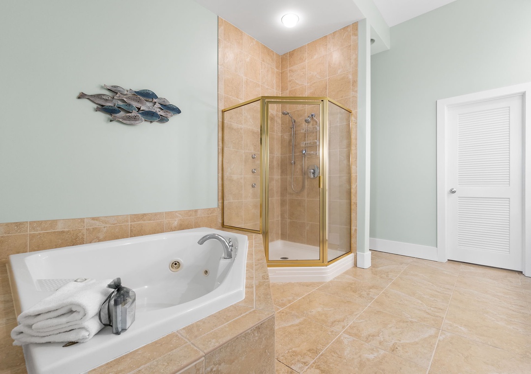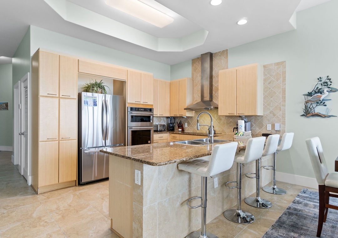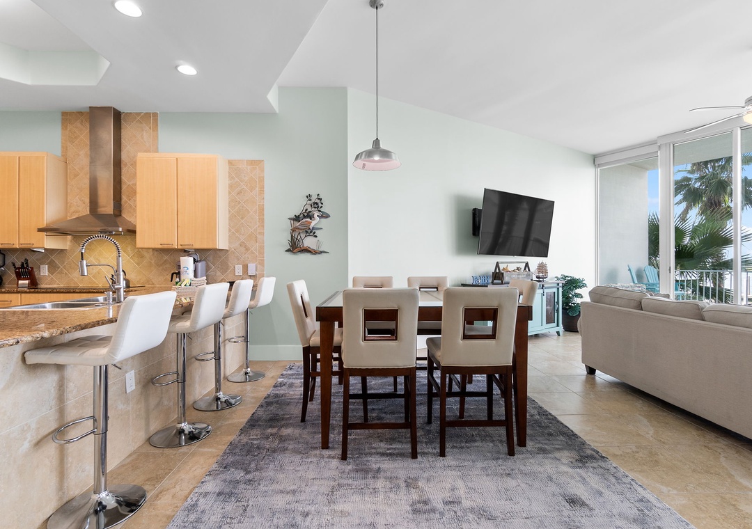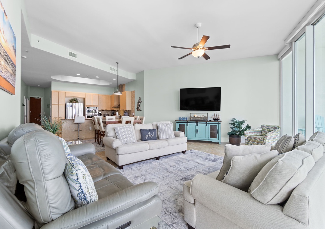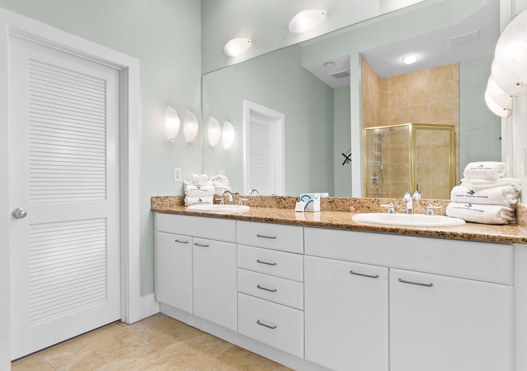 With premium mattresses and luxury appointments in the bedrooms and baths, you'll definitely catch up on some much needed rest and relaxation during your vacation. The master bedroom offers a plush king size bed. The master suite also offers balcony access, and the adjoining glamour bath includes a jetted 2 person tub, separate walk in shower, and twin vanities with vessel sinks. The 2nd bedroom features a premium king bed and a private bath. The 3rd bedroom also offers a king bed and a private bath. This unit now sleeps up to 10!
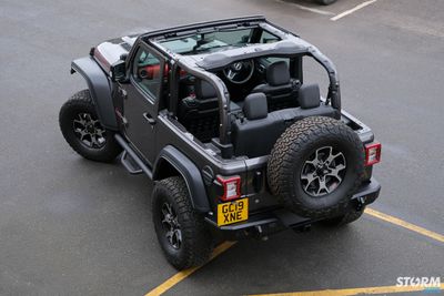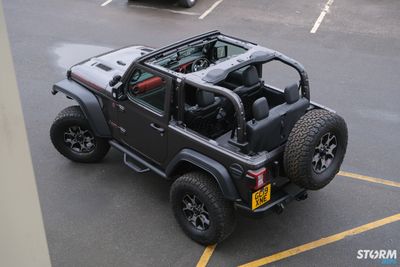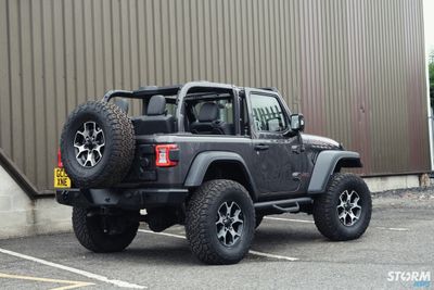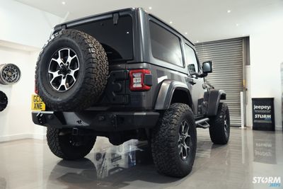 The numberplate has relocated out of harms way and HD Rugged Ridge tyre carrier is capable of handling the huge 35” spare with rear view camera integration.
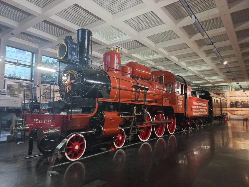Паровоз У-127 и багажный вагон № 1691 в музее Московской железной дороги. 2024 год

....................

→ **THE PROBLEM**:
Take the line containing "The numberplate has" and all lines after it to the end of the data above, and reproduce them exactly, leaving out pictures. Nothing else belongs in the copy.

→ **RESPONSE TO THIS EXERCISE**:
 The numberplate has relocated out of harms way and HD Rugged Ridge tyre carrier is capable of handling the huge 35” spare with rear view camera integration.
Паровоз У-127 и багажный вагон № 1691 в музее Московской железной дороги. 2024 год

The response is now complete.